Friday 14 November 2014

Armour

Slowly, deftly, with precision, the blade edge moves across the wooden surface, sculpting, crafting the image to my defined design. I pause, reflect, muse, decide then continue. Usually, when creating an item of worth, you roughly know what you’re going to make but on this occasion, right now, I know exactly what I need.

I’ve been thinking and, after seeing the world for what it is, I feel that I need to make a small change. It’s not dramatic enough to make a scene or ruckus, it’s not worth shouting about, but it’s a needed change nonetheless and worth the wait. Maybe we should all make small changes, maybe we could all be better and, just maybe, we could make ourselves heal.

With an increased amount of force I make a small ‘v’ indentation into the wood, cutting each side with the eye of an expert, making sure that both sides feel equal. There’s always a balance to things in life, always, as nature has shown time and time again. As people we often destroy such balance be it emotional, physical and spiritual or even unseen elements.

There, it’s nearly done, it’s just about complete. I’ve created myself a new heart, a heart of wood, a living breathing armour that can grow, that can heal, that stays grounded through me, within me, ready to take life’s struggles, life’s harsh words and, above all, steady when faced with my own failures. It’s taken many years, it’s proven to be a challenge but, finally, it’s ready and so am I.

Maybe I’ll take orders, create a few more, maybe I’ll bestow wisdom while relishing the moment to learn more or, failing all of that, maybe I’ll just keep it all a secret. After all, when the world turns off for the night, we need to keep ourselves safe and warm.


Slowly, deftly, with precision, the heart awakens with its new found strength. I react, start to wonder if it should have been made from a stronger substance,  I then hear the beating, I smile at the thought and venture into the world again. 

Saturday 8 November 2014

Rain

As an ocean of sound, an avenue of rain, pours onto the world on this dark dusky chilled night I gather my thoughts that still remain. With fingertips that touch with the promise of holding a rose I gather the memories of the past, I grasp the ideals of a perfect future and firmly hold onto this very day. It’s now, it’s happening, it’s life, real, realistic, relished, rampant and at times a rancorous notion.
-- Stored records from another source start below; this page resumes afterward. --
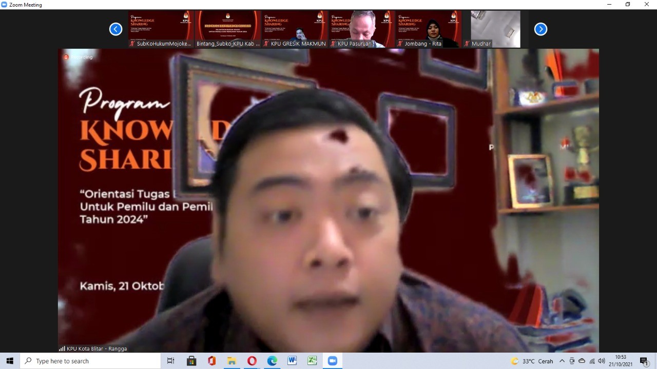 Pasuruan, kab-pasuruan.kpu.go.id – Setelah resmi dilantik dan dikukuhkan menjadi badan penyelanggara adhoc, tahap selanjutnya adalah orientasi tugas. Tahap ini merupakan proses pengenalan visi dan misi organisasi, lingkungan serta tata kerja badan adhoc sehingga nantinya dapat tercipta harmoni dalam bekerja. Tema ‘orientasi tugas’ inilah yang diusung oleh KPU Provinsi Jawa Timur dalam Program Knowledge Sharing Pembentukan Badan Adhoc Untuk Pemilu dan Pemilihan Tahun 2024 edisi ke-14 hari ini (21/10/2021).
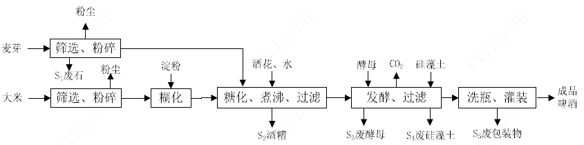 拟在工业园区内新年产1.O×10^5kL啤酒厂项目,建设被容包括原料处理车间、糖化革间、发酵幸间、包装革间、CO2回收幸间、制冷车间、制水车间、锅炉房、污水处理站、原料立仓、瓶箱堆场及办公辅助用房。项目预计2017年10月投产。项目以太米、麦芽、键粉为主要原料,经糊化、糖化、发醉等工艺生产成品啤酒,生产工艺见图
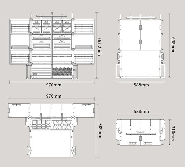 扉を開いた状態では、横幅976mm 奥行609mmの大きな収納ラックですが、観音開きの扉を閉じると横幅 588mm 奥行310mmまでコンパクトにすることができます。
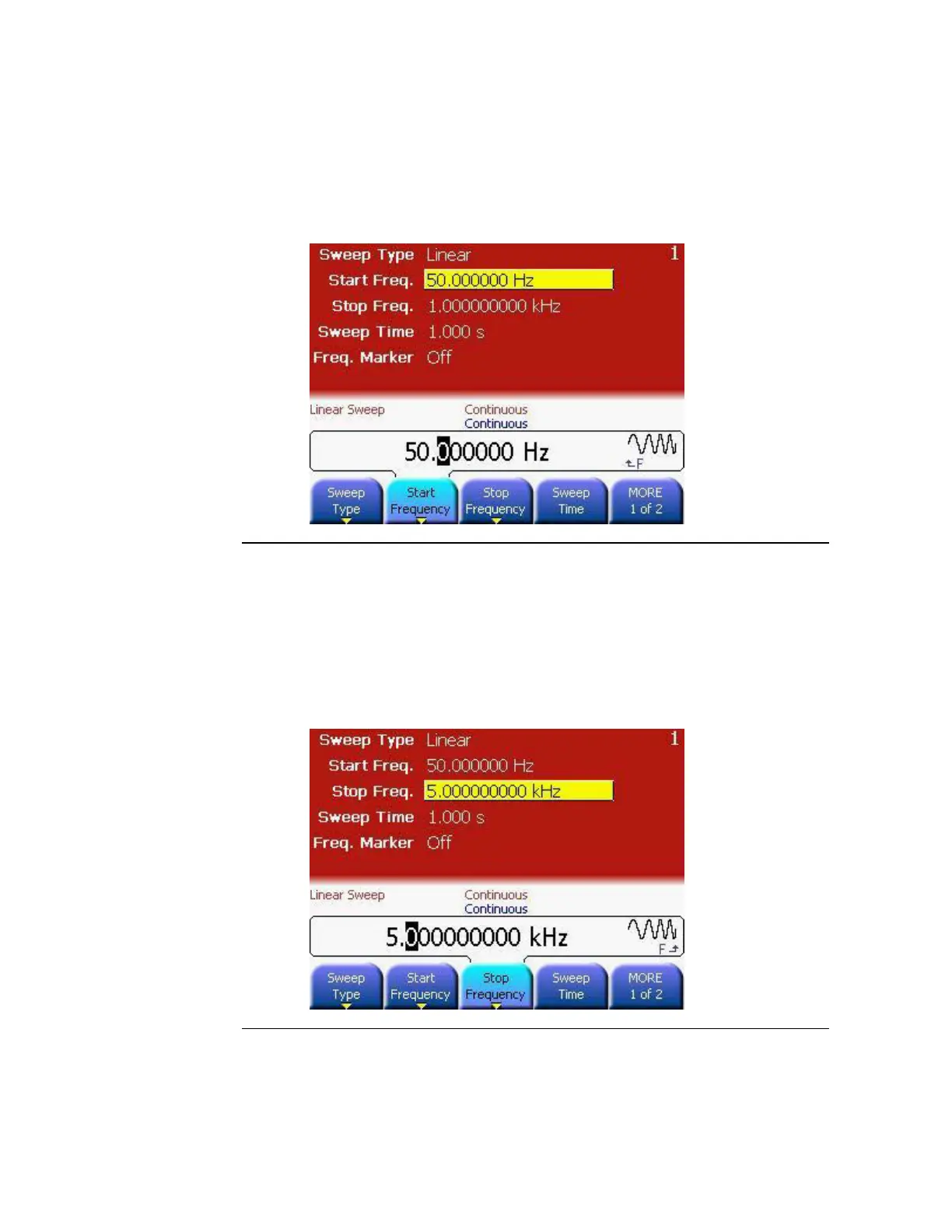 Press the Start Frequency softkey and then set the value to 50 Hz using the
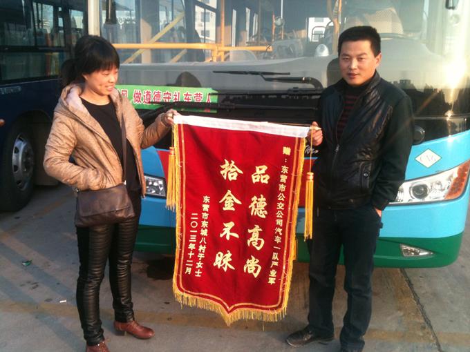 2013年12月5日,東城八村乘客于小梅女士拿著一面寫(xiě)有“拾金不昧、品德高尚”的錦旗來(lái)到市公交公司汽車一隊(duì),感謝車隊(duì)嚴(yán)業(yè)軍師傅拾金不昧的高尚品德。
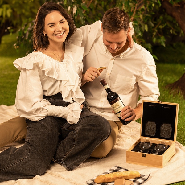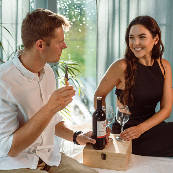 A set consisting of two elegant wine glasses (310ml) and a corkscrew, all neatly packed in a beautiful bamboo wooden box. Wine glasses are made of glass, with a delicate shape that helps to enhance the taste and aroma of the wine. It is a perfect gift for lovers of wine and elegant accessories.
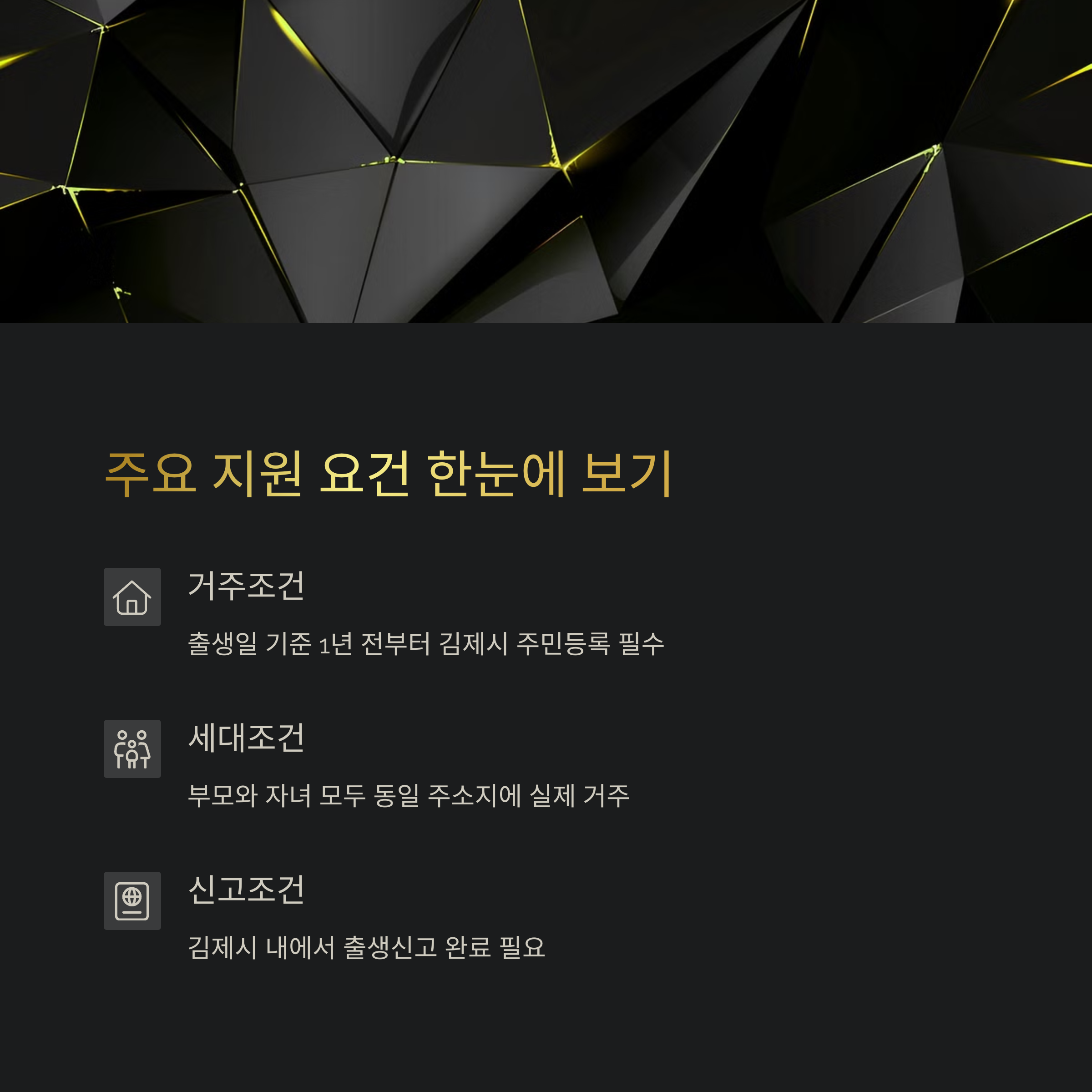 • 자녀의 출생일 기준 1년 전부터 부모 모두가 김제시에 주민등록이 되어 있고 실제 거주 중일 것
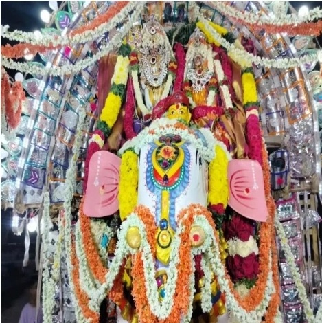 సోమవారం రాత్రి ఉత్సవమూర్తులను గజ వాహనంపై మేళ తాళాలతో ఊరేగించారు. ఈ సందర్భంగా భక్తులు కాయ, కర్పూర హారతులతో నీరాజనాలు పలికారు. వాహనం ముందు ఏర్పాటుచేసిన సాంస్కృతిక కార్యక్రమాలు భక్తులను ఆకట్టుకున్నాయి# కొత్తూరు మురళి..
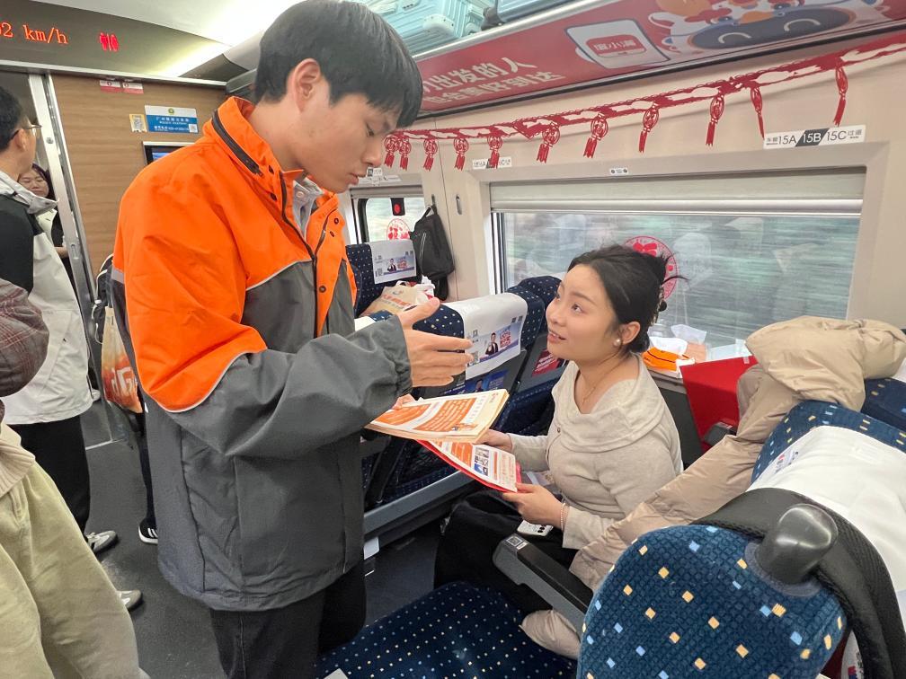返鄉(xiāng)專列上,一場別開生面的“移動春招會”同步展開。乘客現(xiàn)場掃描二維碼,可查閱到荊門近2.6萬個招聘崗位信息。“老鄉(xiāng)們,要是大家年后想在家門口就業(yè)創(chuàng)業(yè),可以隨時聯(lián)系我們。”荊門市人社部門工作人員鄭文杰的一席話,溫暖又親切。

At what moment would or should I say how I feel? Shall I remain stagnant, remise my responsibility to ensure life vibrates at the harmonious frequency that we crave? There is little solace to be found with saying nothing until tomorrow. This is nothing but a fervour to hold onto what was said the previous day while, all along, the only words that really matter are the words spoken at the very second that the sound leaves your precious, pure, sensitive, seductively passionate and enticing lips. I want to hear you all over me, all day, all night, forever until the silence appears at the very end of everything.

I can still hear the tapping of the rain behind the rapacious thoughts, the beating threads attached to my minds living energy being expelled into the void. Come now… hear me, listen to me, feel my thoughts around you, within you, tasting your skin and wishing that yesterday didn’t happen, that today would be a different day, with tomorrow starting, being, then ending with you and only you.
I know that I shouldn’t want… you. I know that there’s rules, regulations, lines, paths that can never be explored but who said that it had to be this way? Whom indeed. No-one, not one person, not one voice, will ever stop the thoughts that escape. We’re dreamers, we’re full of hope, smiles, joy, until that day it’s finally taken from us. I don’t care what they say, what they do, they’ll never take this away from me, from us, from you.

When all has been spoken and the thoughts thrown to the world, I’ll remain here, still, vigilant, aware, poised to take any advantage that I can. I’m alive, I’m real, I’m part of the bigger plan and that, alone, will remain. Tomorrow need not exist, yesterday seems to fade with each second and today is all I require. Today. Today is you, today is me and today is every single person deciding to be more than they were the day before.


As an ocean of sound, an avenue of rain, pours onto the world on this dark dusky chilled night I gather my thoughts that still remain. With a new understanding I’m finally free of the past, I’m planning for a better future and today… yes today, will be the day that I make things the way they should be. We’re now, this is our lives, raw, a live recording, no test scripts, so let’s stand, grasp today and simply… be what we’re meant to be.